「2点のアドバンテージがあると言っても、横浜FMが相手ではあってないようなものだと思います」と、名古屋の長谷川 健太監督は警戒を一切緩めない。選手たちからも「”前半”の90分を終えただけ。まだなにも勝ち獲っていない」と、気を引き締める声が多く聞こえた。
実際に横浜FMの攻撃陣は、交代選手も含めて強力な個性を持っている選手ばかり。それこそ受け身になり過ぎてしまえば、簡単に複数失点を喫してしまうだろう。サッカーでは「2-0は危険なスコア」とよく言われるが、いまの3-1という状況はスコア差だけを考えるとそれと同じ状況で、とりわけ早めに先制されると途端に緊張感が増すはず。横浜FMが立ち上がりから攻勢に出てくるのは火を見るよりも明らかで、それに名古屋がどう対応していくのか。まずはそこが見どころとなる。
名古屋としては、相手のビルドアップを引っかけて、速い攻撃で相手ゴールに迫ることが理想的なシェイプになるだろう。第1戦では横浜FMのDFが入れるクサビのパスに対して、DF陣がスピードを生かして前に入り、カットする場面が多く見られた。入れ替わられると途端に危険な状況に陥ってしまうため集中力は必要だが、思い切りよく出ることで相手もパスが出しにくくなる。“良い守備から良い攻撃へ”がこの試合も基本的なスタイルである。

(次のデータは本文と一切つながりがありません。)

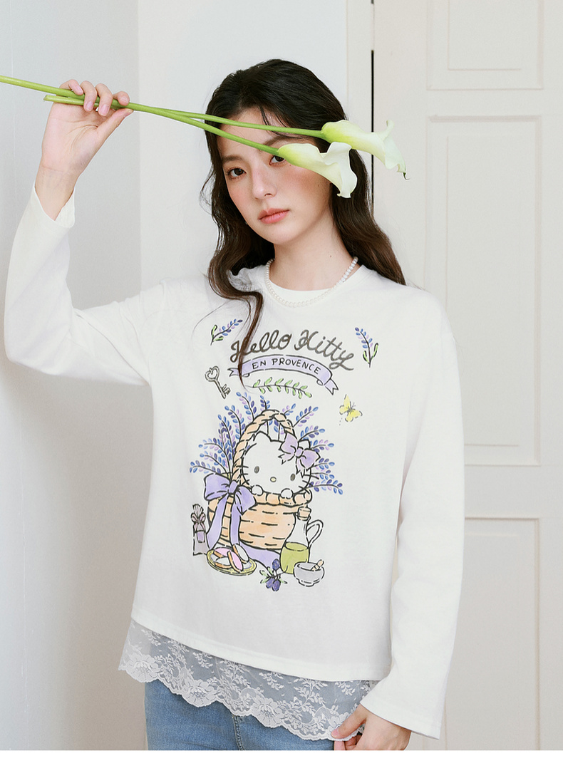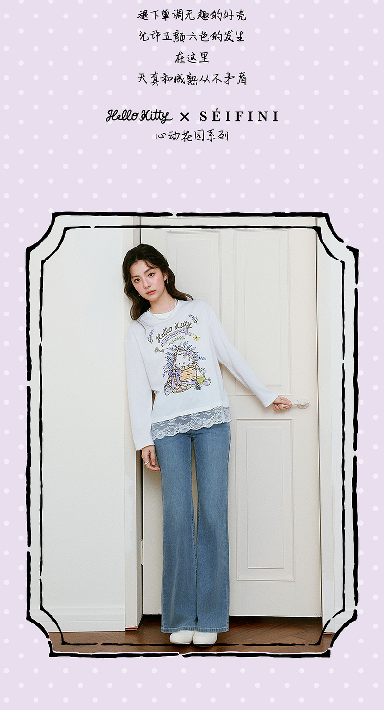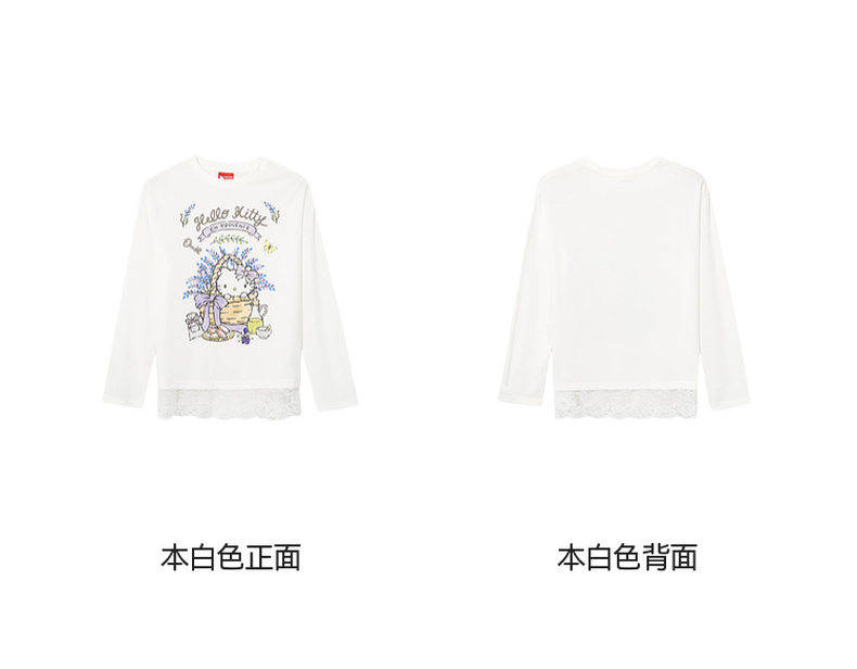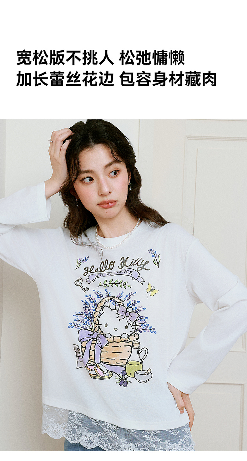 【积分换购不退货】【严选】【HelloKitty合作系列】诗凡黎蕾丝拼接T恤25春新款宽松上衣女7G3100591

また、両チームにとってセットプレーもカギを握る。第1戦では名古屋が3分と14分という早い時間に、椎橋 慧也と三國 ケネディエブスがCKからヘディングシュートを決めて試合を有利にした。貴重な3点目となった山岸 祐也のゴールも含めて、3アシストを記録した徳元 悠平の正確なキックもさることながら、チームとして狙いが定まっていることを感じさせる得点だった。名古屋はそれをさらにブラッシュアップした攻撃を見せられるか、横浜FMはややルーズだった守備をどう修正するのか。そこに注目していきたい。
そして交代選手のパフォーマンスも大きなポイントになる。気温はいくぶんか下がって戦いやすくなっているが、両チームともに連戦となっている。いくらタフな選手でも絶対に疲労はあるだろう。また、イエローカードなどの不測の事態もあるかもしれない。そのときに交代で出場した選手がいかにチームにエネルギーを注ぎ込むことができるのか。名古屋は直近のリーグ戦(明治安田J1第33節・福岡戦/0●1)でそれができずに“高い授業料”を払った。チームの総合力で、昨季の準決勝敗退という苦い思い出を消し去りたい。
もちろん、その交代選手という部分は横浜FMも同じ。2点のビハインドを乗り越えて2018年以来の決勝進出、そして2001年以来の優勝を目指す。